Abiotic and biotic factors cause plant wounding and trigger complex short- and long-term responses at the local and systemic levels. These responses are under the control of complex signaling pathways, which are still poorly understood. Here, we show that the rapid activation of clade-A mitogen-activated protein kinases (MAPKs) MPK3 and MPK6 by wounding depends on the upstream MAPK kinases MKK4 and MKK5 but is independent of jasmonic acid (JA) signaling. In addition, this fast module does not control wound-triggered JA accumulation in Arabidopsis (Arabidopsis thaliana), unlike its orthologs in tobacco. We also demonstrate that a second MAPK module, composed of MKK3 and the clade-C MAPKs MPK1/2/7, is activated by wounding in a MKK4/5-independent manner. We provide evidence that the activation of this MKK3-MPK1/2/7 module occurs mainly through wound-induced JA production via the transcriptional regulation of upstream clade-III MAP3Ks, particularly MAP3K14. We show that mkk3 mutant plants are more susceptible to herbivory from larvae of the generalist lepidopteran herbivore Spodoptera littoralis, indicating that the MKK3-MPK1/2/7 module is involved in counteracting insect feeding.

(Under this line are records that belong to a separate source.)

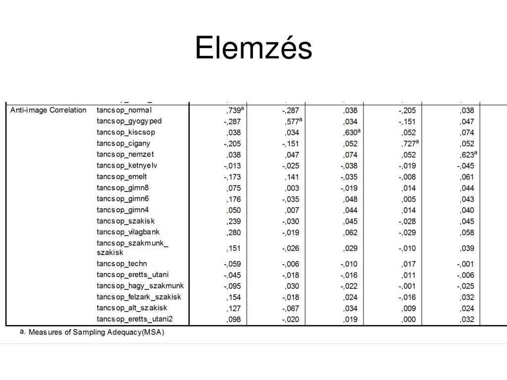 További segítségek • Korrelációs mátrix inverze: parciális korrelációk kiszámításához nyújt segítséget • Anti-Image korrelációs mátrix: főátlójában a változónként számolt KMO értékek szerepelnek, főátlóján kívül a parciális korrelációk • Reprodukált korrelációs mátrix: ennek fődiagonálisában vannak a kommunalitások
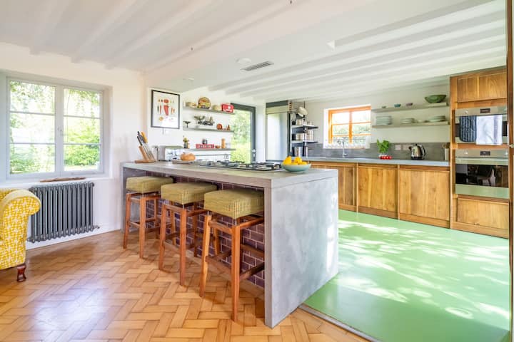 Accedido a través de una carretera sin hacer, y originalmente dos casas de campo victorianas tempranas, ahora Field Barn Cottage combina las dos con extensiones en cada extremo que complementan el conjunto. Más recientemente, la planta baja se abrió para crear un espacio de vida sociable contemporáneo de planta abierta y limpio y lleno de luz y fomentar la facilidad de movimiento. La esencia del granero es moderna, moderna y muy fresca: la cocina está hecha a mano, los pisos de madera recuperados y los muebles de diseño son del orden del día, destacados con obras de arte modernas y carteles de música repartidos por las paredes, tanto arriba como abajo. Una estufa de leña de doble cara ayuda a agregar calor adicional al espacio habitable, cuando es necesario. En un extremo del granero, un vestíbulo de entrada independiente donde se pueden dejar secar las chaquetas mojadas y las botas sucias y lavar la ropa, con una ducha adyacente estilo habitación húmeda a mano para lavar los cuerpos de arena y los dedos de los pies después de un día en la playa, o darse un chapuzón en el mar. Arriba, en el primer piso, encontrarás cinco dormitorios más tradicionalmente amueblados (tres dobles y dos individuales), todos disfrutando de colchones de calidad y bendecidos con ropa de cama fina. Si quieres alejarte de la multitud, encontrarás un espacio tranquilo en este nivel con asientos estilo cine y un televisor de pantalla ancha montado en la pared para su visualización opcional. Un baño con ducha inteligente y con azulejos y un baño con bañera con ducha de mano en este piso completan la escena.
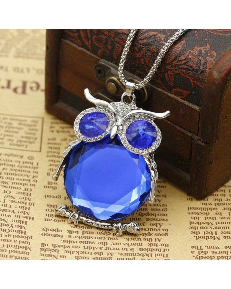 Kék - Női divat aranyos zafír kristály bagoly medál nyaklánc hosszú pulóver lánc ajándék

非生物和生物因素导致植物受伤，并在局部和全身水平引发复杂的短期和长期反应。这些响应受复杂的信号通路的控制，人们对此仍然知之甚少。在这里，我们显示通过伤口快速激活进化枝A丝裂原活化蛋白激酶（MAPKs）MPK3和MPK6取决于上游MAPK激酶MKK4和MKK5，但独立于茉莉酸（JA）信号传导。此外，该快速模块无法控制在拟南芥（Arabidopsis thaliana）中伤口触发的JA积累），与烟草中的直系同源物不同。我们还证明了由MKK3和进化枝C MAPKs MPK1 / 2/7组成的第二个MAPK模块通过以MKK4 / 5独立的方式受伤而被激活。我们提供的证据表明，此MKK3-MPK1 / 2/7模块的激活主要通过上游进化枝III MAP3K（尤其是MAP3K14）的转录调控，通过伤口诱导的JA产生而发生。我们显示mkk3突变植物更容易从食虫从通用鳞翅目食草动物斜纹夜蛾幼虫的食草性，表明MKK3-MPK1 / 2/7模块参与抵消昆虫的摄食。